After two miscarriages and twenty years of being told I'd never have a baby without massive intervention, I was pretty gunshy when I realised I was pregnant a couple of years ago. I had the same initial reaction you (and others) describe here - I didn't want to relax into it or take it for granted. But I had to do something other than fret, like the folks here are saying (I didn't think to ask them like you did, though).

I decided (as several people here advise) that no matter how long I was pregnant, it was pretty amazing it had happened at all. I'd long considered the animating energy of life as a "spark", so I started thinking of the pregnancy as precious time with a visiting Spark that may or may not stick around to see the world this time. Maybe I was just a peaceful resting spot for a Spark that would go on to a different form instead of being human this time, or to a different situation than the one I could offer.

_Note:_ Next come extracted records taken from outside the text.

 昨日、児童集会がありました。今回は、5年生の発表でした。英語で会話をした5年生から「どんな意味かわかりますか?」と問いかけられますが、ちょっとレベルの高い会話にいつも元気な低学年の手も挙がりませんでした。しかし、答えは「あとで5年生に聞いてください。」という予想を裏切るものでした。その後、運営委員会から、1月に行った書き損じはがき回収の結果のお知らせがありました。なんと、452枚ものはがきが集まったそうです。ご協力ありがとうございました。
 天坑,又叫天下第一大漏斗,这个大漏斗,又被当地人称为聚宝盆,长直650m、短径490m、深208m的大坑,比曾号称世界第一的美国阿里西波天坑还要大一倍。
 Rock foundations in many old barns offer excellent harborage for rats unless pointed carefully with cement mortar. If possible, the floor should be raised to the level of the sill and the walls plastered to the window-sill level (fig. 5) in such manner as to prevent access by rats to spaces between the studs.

I wrote a short letter to Little Spark, acknowledging that we may not get to meet each other but that I was going to love it for as long as it was with me and enjoy our ride together no matter how far it went.

From there on out, I just tried to make all the healthy decisions I could, have all the fun and lightheartedness possible, and eventually relaxed enough after the 12wk appointment to buy a onesie that I decided would be a memorial if something went awry after that point.

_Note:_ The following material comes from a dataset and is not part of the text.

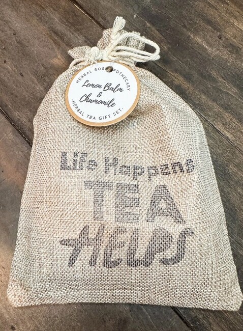 When you can't be there to share a proper cuppa or spill the tea in person, send this - and flowers! This darling bag from Herbal Rose Apothecary contains everything needed to brew comforting cups of tea: 2 varieties of loose-leaf tea, honey stick, and tea ball infuser. Bag is suitable for reuse.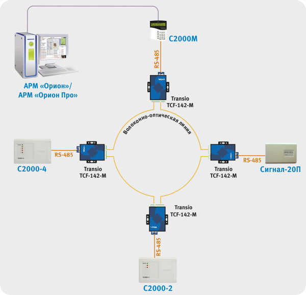 4. Сетевой контроллер АРМ «Орион»/АРМ «Орион Про» подключается к пульту C2000М, далее модем ВОЛС через RS-485, далее кольцевая оптическая линия связи, потом модемы ВОЛС на выходе также RS-485 далее приборы.

Meanwhile, I have the doctor telling me that as an older gravida (I was 38 at time of conception and 39 for most of the pregnancy) with a history of miscarriage that I should get all these crazy tests. I turned nearly all of them down. Definitely didn't do the hCG, because, as others said, what good would it do? I felt it would just ramp my anxiety up, and I didn't need more of it.

Ultimately, I was blessed with a lusty, beautiful wildcat of a daughter, and I'm so glad I let myself enjoy our in utero time together whenever I could. And if she'd moved on, if my body hadn't been able to contain her or she wasn't ready for this world yet? Being able to appreciate the time we had spent every day meant I'd regarded the Spark I was hosting and I became more and more at peace with whatever was going to happen. I know I would have grieved if she hadn't arrived healthy and sound, but it would have been tempered by knowing I'd put all the love I could into that Spark.

May your Spark remain and thrive, as well. If it does not, though, know that you are a safe place for it to rest for a while as it zips through the Cosmos.
posted by batmonkey at 9:37 AM on October 22, 2011 [47 favorites]


Mod note: From the OP:
Thanks everyone for the replies, they have been more helpful than you can imagine. Getting a bit of reassurance has been wonderful. At the moment I could use some help with figuring out this progesterone thing: if anyone knows of any good references or evidence-based recommendations on whether progesterone treatment can actually lower miscarriage risk, I would love to get that information.
posted by mathowie (staff) at 9:53 AM on October 22, 2011


As one of the people who initially recommended the progesterone thing, I went looking for supporting evidence and. . . actually couldn't find any. It seems like the answer from a lot of doctors is "Well, progesterone is cheap, it certainly doesn't hurt, and I don't want a woman to feel like there was something that could have been done that we chose not to do."

Also I realized that in my daughter's pregnancy, we didn't supplement my progesterone (9.8 at 5w3d) and she turned out absolutely fine, so. . . who knows.